## Exercise aim
With pictures excluded, output exactly the lines that run from the first line of the data below through the line containing "LITOMERICE, CZECH REPUBLIC".

## Given information
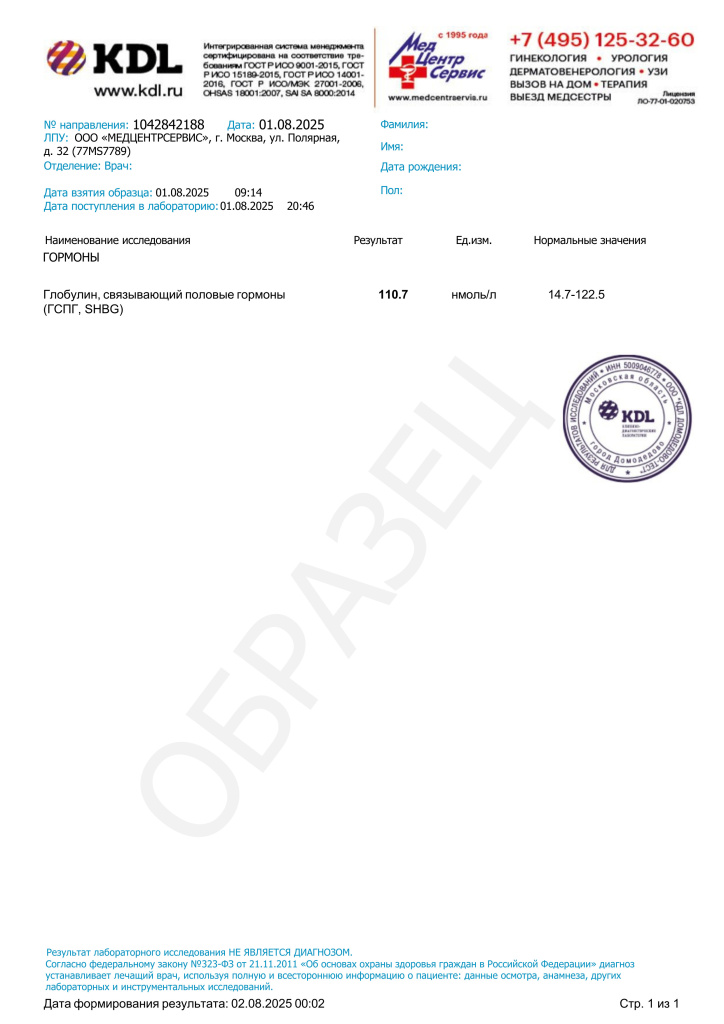 Полученный результат служит лишь ориентиром для диагностики. Для точной интерпретации результата и постановки диагноза необходимо проконсультироваться с врачом-эндокринологом, гинекологом или урологом. Специалист проведёт комплексную оценку, сопоставив ваш уровень глобулина с клинической картиной, данными анамнеза и результатами других обследований. Такой подход обеспечивает точную диагностику и позволяет избежать ошибочных заключений.
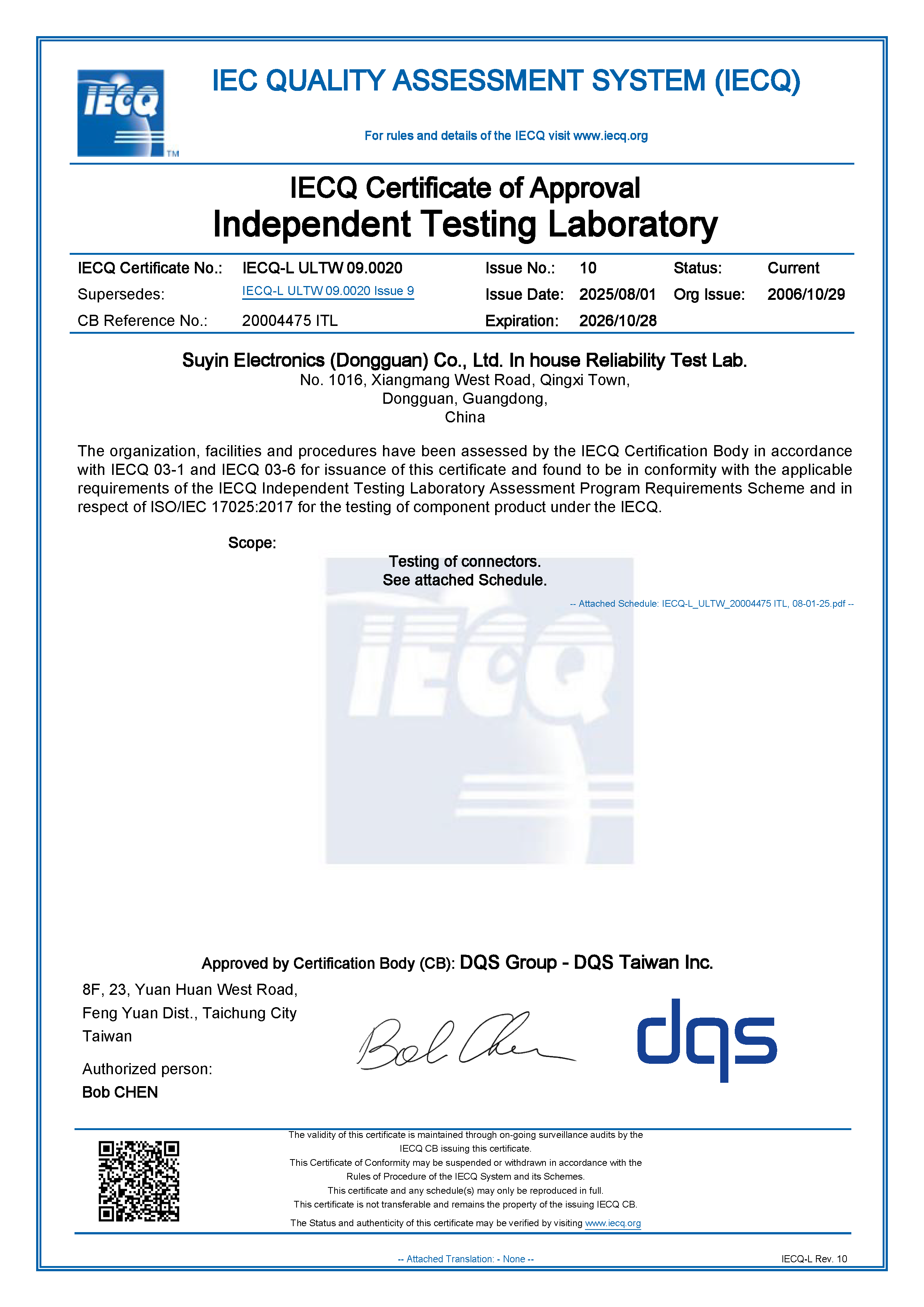 • Certified by IEQC-QC080000 Product Environmental Management System.
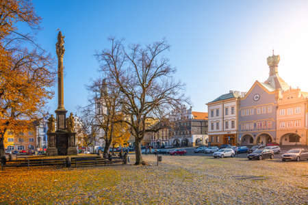 LITOMERICE, CZECH REPUBLIC - OCTOBER 28, 2021: Peace Square, Czech: Mirove namesti, in Litomerice on sunny autumn day. Czech Republic
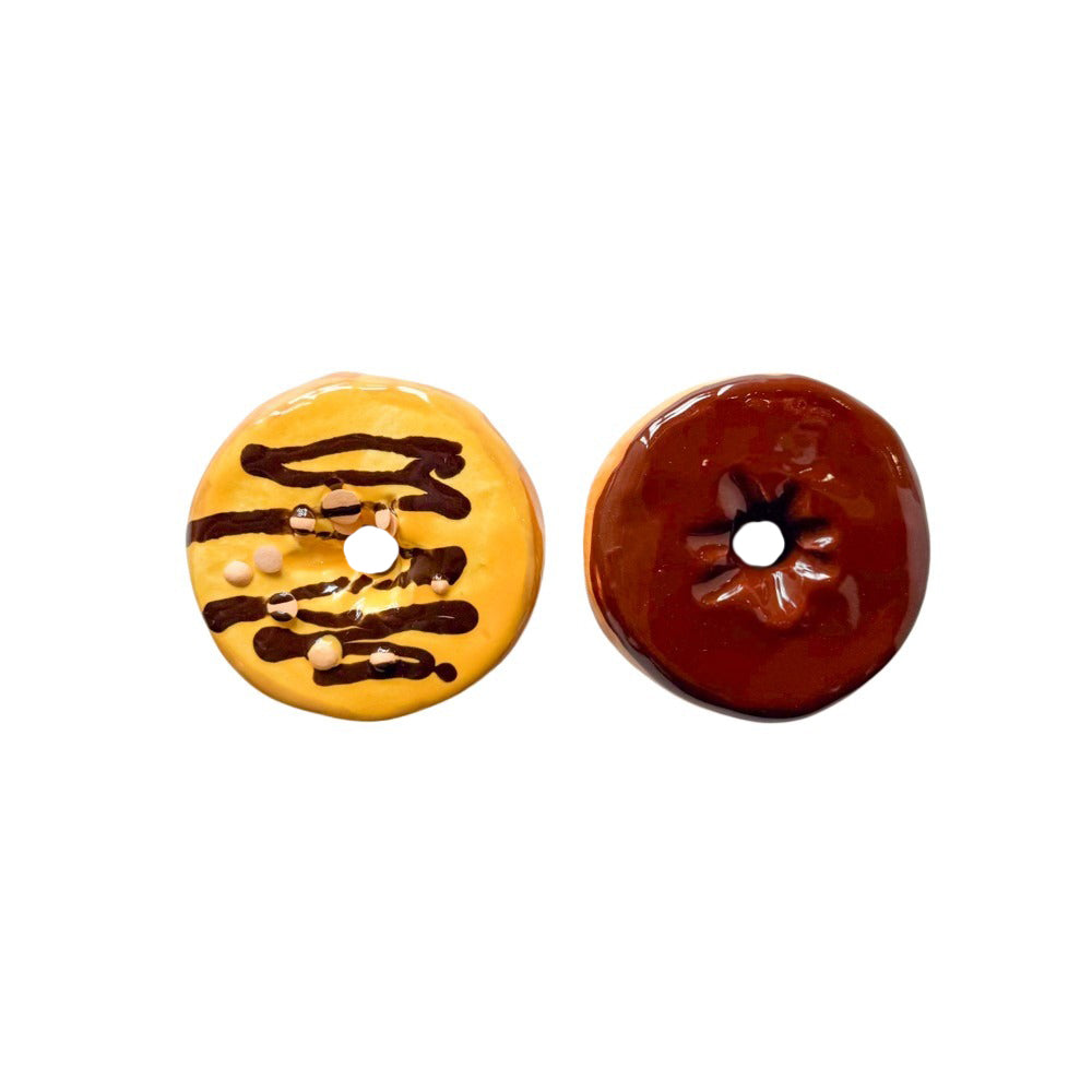 Jeff Nebeker's ceramic donuts are hand made by the artist, are one-of-a-kind, and may vary slightly from the picture. Each donut is stamped with the artist's signature and has a metal hanger glued to the back so it can easily be hung on a wall or displayed flat.

## Solution for this task
 Полученный результат служит лишь ориентиром для диагностики. Для точной интерпретации результата и постановки диагноза необходимо проконсультироваться с врачом-эндокринологом, гинекологом или урологом. Специалист проведёт комплексную оценку, сопоставив ваш уровень глобулина с клинической картиной, данными анамнеза и результатами других обследований. Такой подход обеспечивает точную диагностику и позволяет избежать ошибочных заключений.
 • Certified by IEQC-QC080000 Product Environmental Management System.
 LITOMERICE, CZECH REPUBLIC - OCTOBER 28, 2021: Peace Square, Czech: Mirove namesti, in Litomerice on sunny autumn day. Czech Republic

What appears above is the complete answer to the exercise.